The Bolivian economy faced a setback with the cancellation of contracts between Yacimientos de Litio Bolivianos (YLB) and the Chinese company CBC, as well as the Russian Uranium One Group. Bolivia has the world’s largest lithium reserves, essential for electric vehicles and high-tech products.
Ahead of the elections, MAS has splintered into three tendencies, including Morales:
- Eduardo del Castillo, a former Minister of Government endorsed by President Luis Arce, represents the consolidation of “arcism” within the MAS.
- Andrónico Rodríguez, President of the Bolivian Senate, has distanced himself from Morales by running for president with the Alianza Popular party.
- Evo Morales was disqualified from the election for not registering his new party, Evo Pueblo. He later attempted to register with the Bolivian National Action Party (PAN-BOL), but that party was also not authorized.

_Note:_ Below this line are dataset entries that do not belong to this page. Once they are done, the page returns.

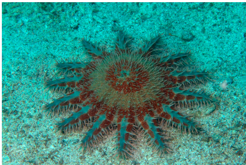
Figure 1. Acanthaster planci [19].

The starfish Acanthaster planci (Linnaeus, 1758) (Figure 1) lives in tropical waters of the Indian and Pacific Oceans. It is one of the largest starfishes, also known as “crown of thorns” because its body possesses numerous large, venomous spines [18]. Its colour varies from red and orange to purple and is thought that these variations could be the result of differences in diet.
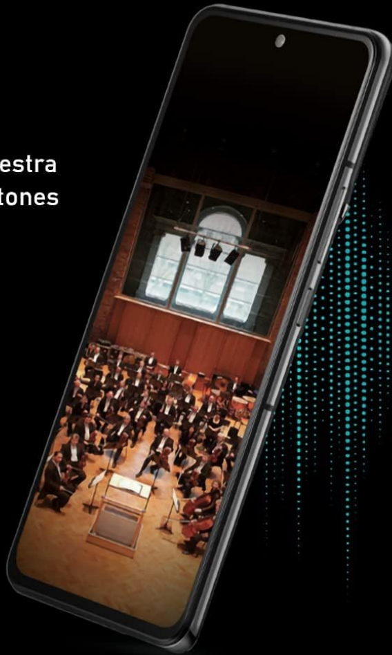
Image: The VERTU iVERTU-81 smartphone displaying an image of an orchestra, accompanied by text highlighting 'Master Sound Quality', '3D audio technology', 'HiFi sound quality', and 'London Symphony Orchestra compiled exclusive ringtones'.
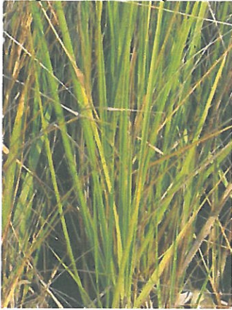
Smooth cordgrass Spartina alterniflora
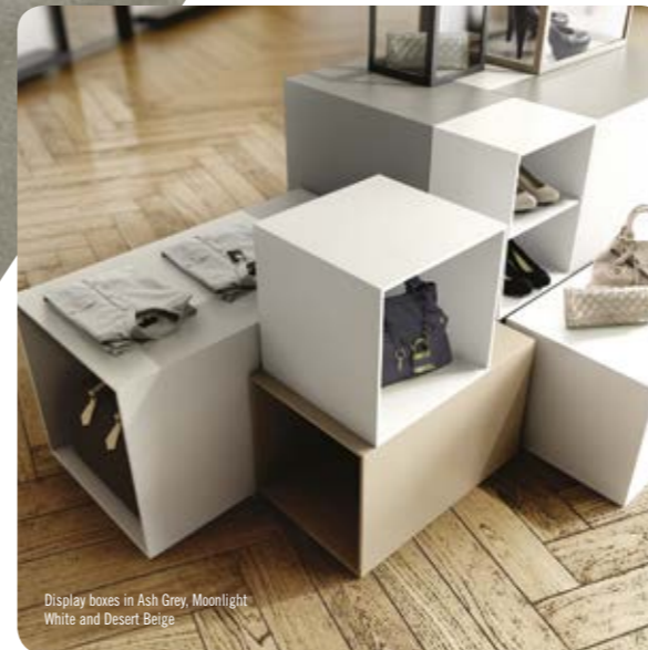
Display boxes in Ash Grey, Moonlight White and Desert Beige
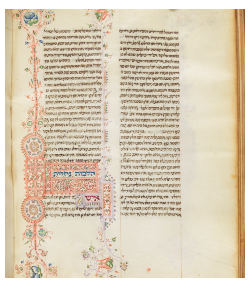
(Add MS 27137, f. 247v)

Unlike Bible, Second Temple Judaism, Talmud, Jewish History, Holocaust, and Israel Studies, there is a lack of academic study of the talmudic and halakhic commentaries and law codes of the medieval and early modern eras. Our understanding of this
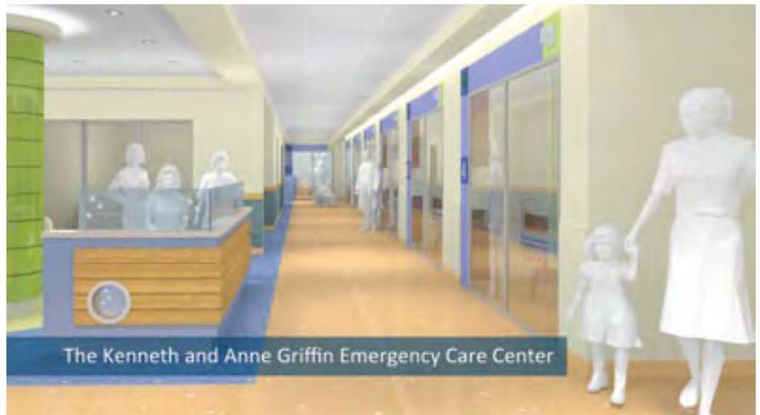
A rendering of a nurses' station in The Kenneth and Anne Griffin Emergency Care Center at Lurie Children's.
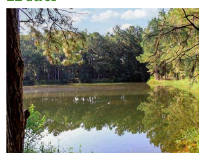
First Thomasville Realty www.thomasvillegarealestate.com

The other leading presidential candidates share far-right views. They include:
- Samuel Doria Medina, a businessman and politician leading the National Unity (UN) coalition. This includes right-wing figures like Luis Fernando Camacho, who during the 2019 coup, famously entered the Government Palace with a Bible, symbolizing his rejection of what he considered an “atheist and communist” regime.
- Manfred Reyes Villa, the mayor of Cochabamba since 2021 and a member of the Autonomía Para Bolivia-Súmate (APB Súmate) party. His father, Armando Reyes Villa, served as defense minister under dictator Luis García Meza. Manfred Reyes Villa is a former military officer and businessman who studied at the Pentagon’s School of the Americas. This institution was known for teaching counterinsurgency strategies and promoting anti-communist ideology, with many alumni involved in human rights violations and coups.
- Chi Hyun Chung, an ultraconservative evangelical pastor and doctor born in South Korea. Leading the Movimiento Nacionalista Revolucionario, he is a supporter of Trump and has been dubbed “the Bolivian Bolsonaro” for his fierce anti-communism and opposition to LGBTQ rights. He advocates pro-life policies and a militarized Bolivia, while criticizing the Movement Toward Socialism (MAS) and Evo Morales for promoting a “communist” model.
Morales’ “21st Century Socialism” has failed, contributing to an economic crisis and the threatened return to power of the far right.
After being excluded from the presidential race, Morales mobilized his supporters in a march on La Paz, leading to confrontations with police following President Arce’s orders to stop them.
Regardless of who becomes president, the working class and peasants will bear the burden of the crisis. Even if Morales ran for president and won, he would still comply with the IMF’s demands. As the WSWS reported after Morales was removed from the presidency in November 2019:
As demonstrated by its continued subservience to the demands of imperialism and its institutions like the OAS, any future role played by Morales, MAS and their apologists will be aimed at providing a democratic cover to the reality that Bolivian economic and political life are dominated by the US and European financial aristocracies and its military puppets in Bolivia, while there is no section of the Bolivian ruling class capable of fighting imperialism.